In recent years, federal officials have called for the U.S. Department of Education to more closely monitor colleges' financial health — calls the Trump administration has resisted. And now Massachusetts state lawmakers will seek to tighten their own monitoring with new legislation.
The bill would permit the state’s appointed Board of Higher Education to designate colleges as “at risk of imminent closure” based on regular financial screenings.
Schools thus designated would have to react quickly. They’d be asked to provide “immediate notice,” turning over a host of financial information and preparing a contingency plan for closure, listing possible transfer locations for current students and a means to refund deposits to prospective students.
The bill under consideration — which passed the House unanimously earlier this month — goes before the Senate on Wednesday.
According to one of its co-authors, it represents an explicit response to the 2018 closure of Mount Ida College in Newton. Despite years of financial faltering, the decision to close still came as a shock to many students, staff and state regulators.
“I think everyone but [BHE] knew in November of 2017 that that institution didn’t have the means to continue on,” said Rep. Jeff Roy, a Franklin Democrat who put together the bill. “But the rest of the world didn’t find out until April of 2018 — when it was far too late.” Hence, Roy said, this bill’s emphasis on both speed and transparency.

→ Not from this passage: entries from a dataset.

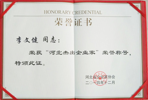在河北省企業(yè)家協(xié)會成立三十周年之際,為了弘揚(yáng)企業(yè)家精神,協(xié)會在會員中評選出129名“河北杰出企業(yè)家”,以表彰他們在河北經(jīng)濟(jì)建設(shè)中作出的巨大貢獻(xiàn),展示企業(yè)家在經(jīng)濟(jì)發(fā)展方式轉(zhuǎn)變中的重要作用。
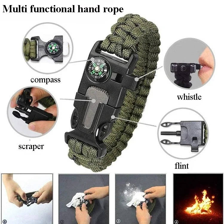 Multifunction survival bracelet with compass, scraper, flint & whistle.
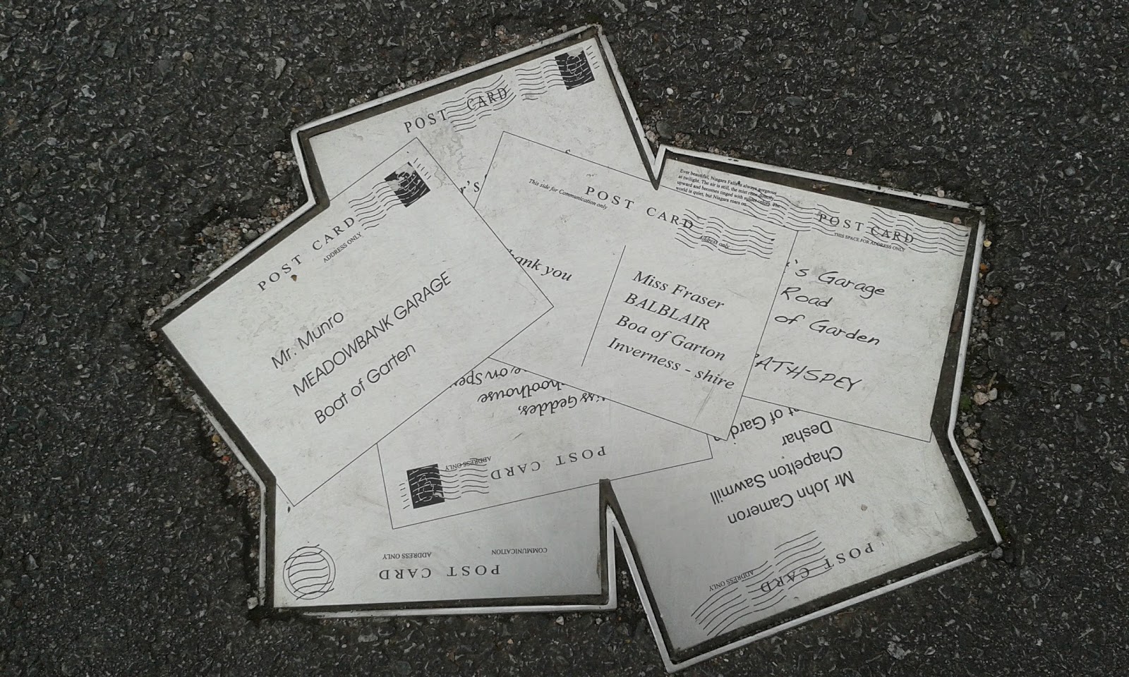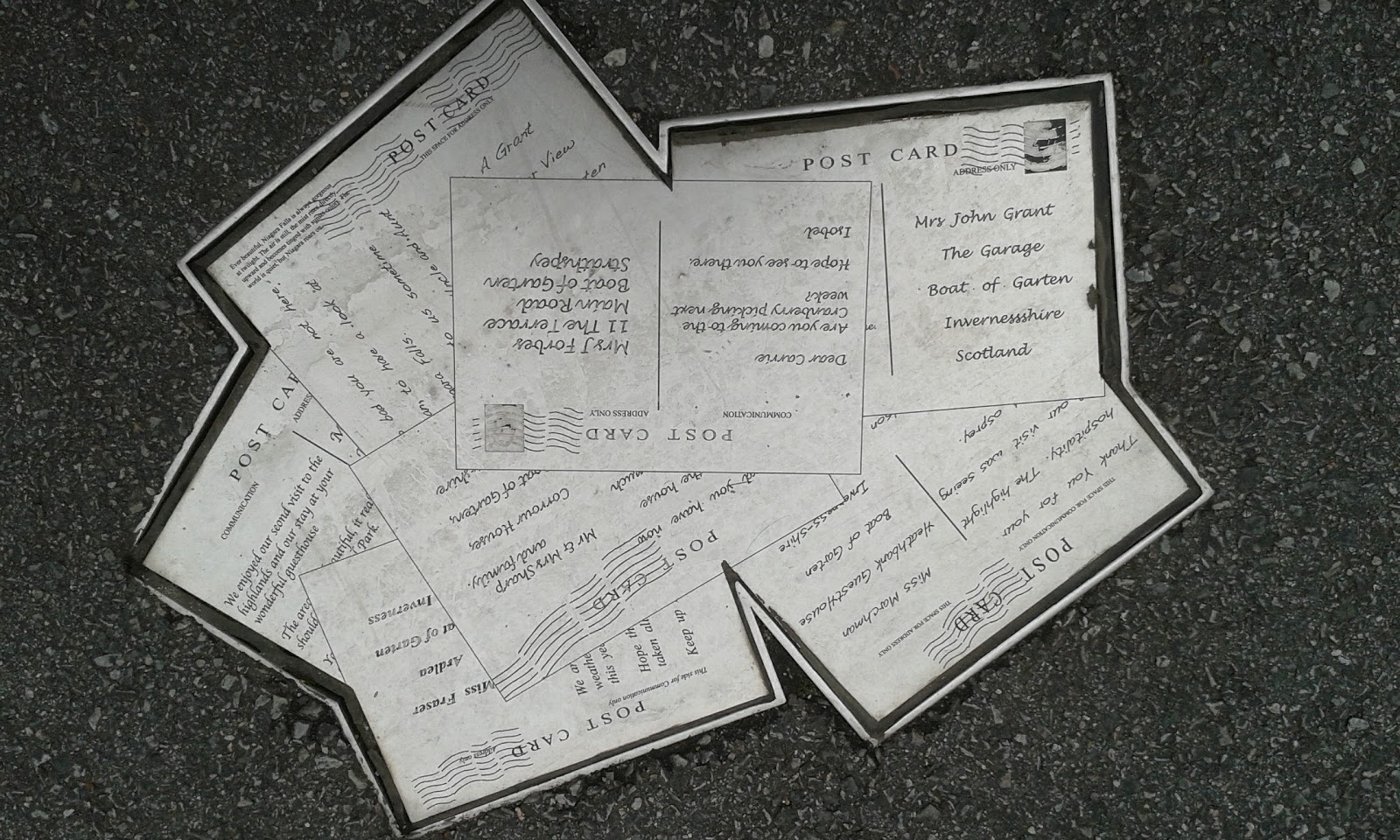 We found these metal postcards in the ground outside the station – there were a couple of groups and then there were lots of single ones spaced out around the carpark. Really nice, quirky think that I bet not everyone notices as they walk over the top of them.
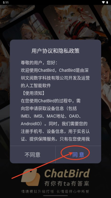 1、在本站下载安装好ChatBird手机版软件,运行软件并同意软件政策。
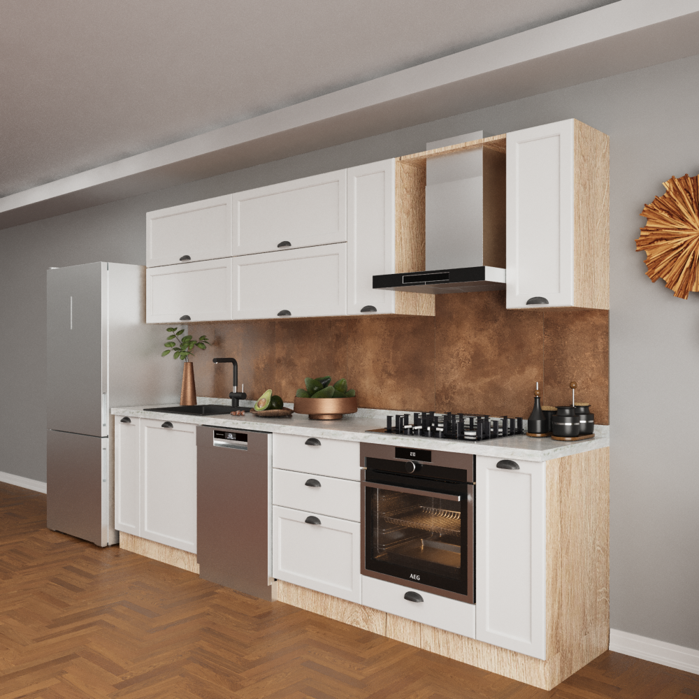 Mira 300 cm Mutfak Dolabı Mat İpeksi Beyaz Membran Kapak & Mat Meşe MDF Lam Gövde
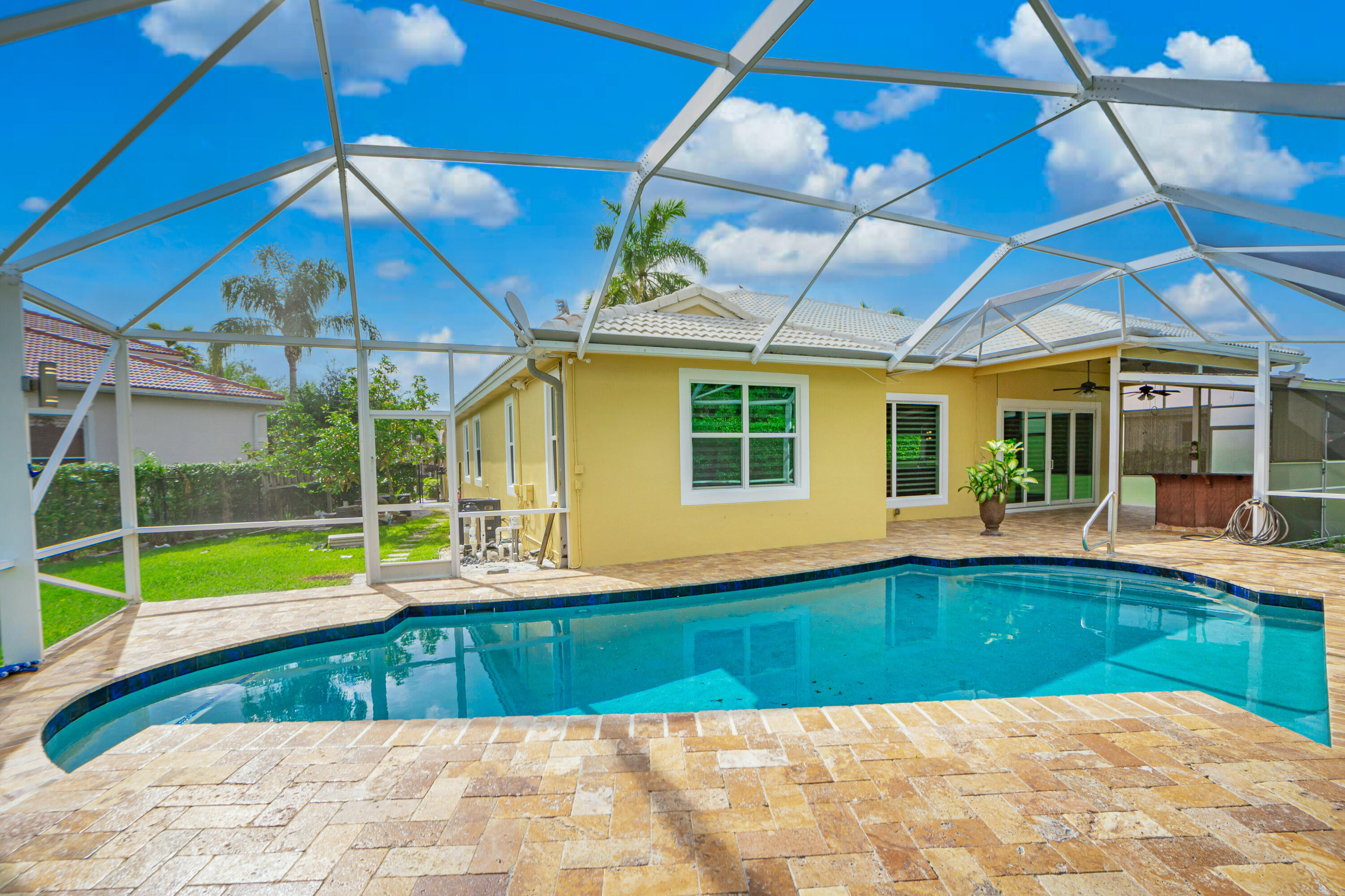 THIS HOME IS A SHOW STOPPER! NEW ROOF MAY 2022 with warranty. A Cul de Sac with 4 Bedrooms and 2 and a half bath with its own private salt water pool with LED lights. With its 3-way Split Plan, covered patio, outdoor kitchen with wine cooler, charcoal oven and sink, jacuzzi tub in updated bathroom and central vacuum. The 4th bedroom can be a flex room. The house has a very good storm protection with its impact windows, a His and Hers Closet and a totally updated Master Bath and CCTV camera around the premises. It's also conveniently located by the schools and within the highly desired Boca Winds Community.

Colleges and universities are already subject to financial surveillance from multiple angles — what’s sometimes described as a “triad.”
Federal authorities make sure that billions of dollars of financial aid are being well-spent. Independent accrediting agencies, like the New England Commission of Higher Education (NECHE), rely on higher-ed experts to track enrollment and the quality of education, and offer or withhold accreditation.
Finally, state officials use licenses and regulations in the spirit of consumer protection. In that way, NECHE President Barbara Brittingham said this legislation falls within their rights.
“When an institution is very disruptive in its closure plans, that’s a consumer issue,” Brittingham said. “The question is how does the state go about that? How can it partner with the accreditor, which — in the triad — is the reliable authority on academic quality?”
In Roy’s view, this bill is an effort to formalize just that kind of cooperation. BHE and accreditors have “coexisted together” for decades, Roy said, “but they weren’t at a level of communication that really worked for the system.”
Rather than obliging the state to make determinations of financial health, the bill would allow authorities to rely on the deeper inquiries made by accreditors. Brittingham explains that NECHE’s financial monitoring includes space for institutions to provide a “narrative” of how they plan to climb out of financial distress, which the commission can judge on the basis of its practicality.
The bill under consideration comes with legal teeth. An institution found to have failed to comply with those reporting requirements could be fined up to $1,000 for each day they run late, while the state could also withhold their funding or even revoke their license.
But it also seeks to protect institutions’ privacy by making communications to and from BHE exempt from public records law. Both Brittingham and Roy said that if the monitoring were done in the open, it would risk creating a “self-fulfilling prophecy,” as institutions at a financial low point — but with a chance to recover — might come to seem less stable than they really are.
Advocates for colleges and universities in the state say they're pleased with the final legislation. Rich Doherty, president of the Association of Independent Colleges and Universities in Massachusetts, said all parties to the legislation expect that NECHE will be responsible for monitoring, thereby preserving "the confidentiality of some of this information."
This article was originally published on October 29, 2019.
This segment aired on October 30, 2019.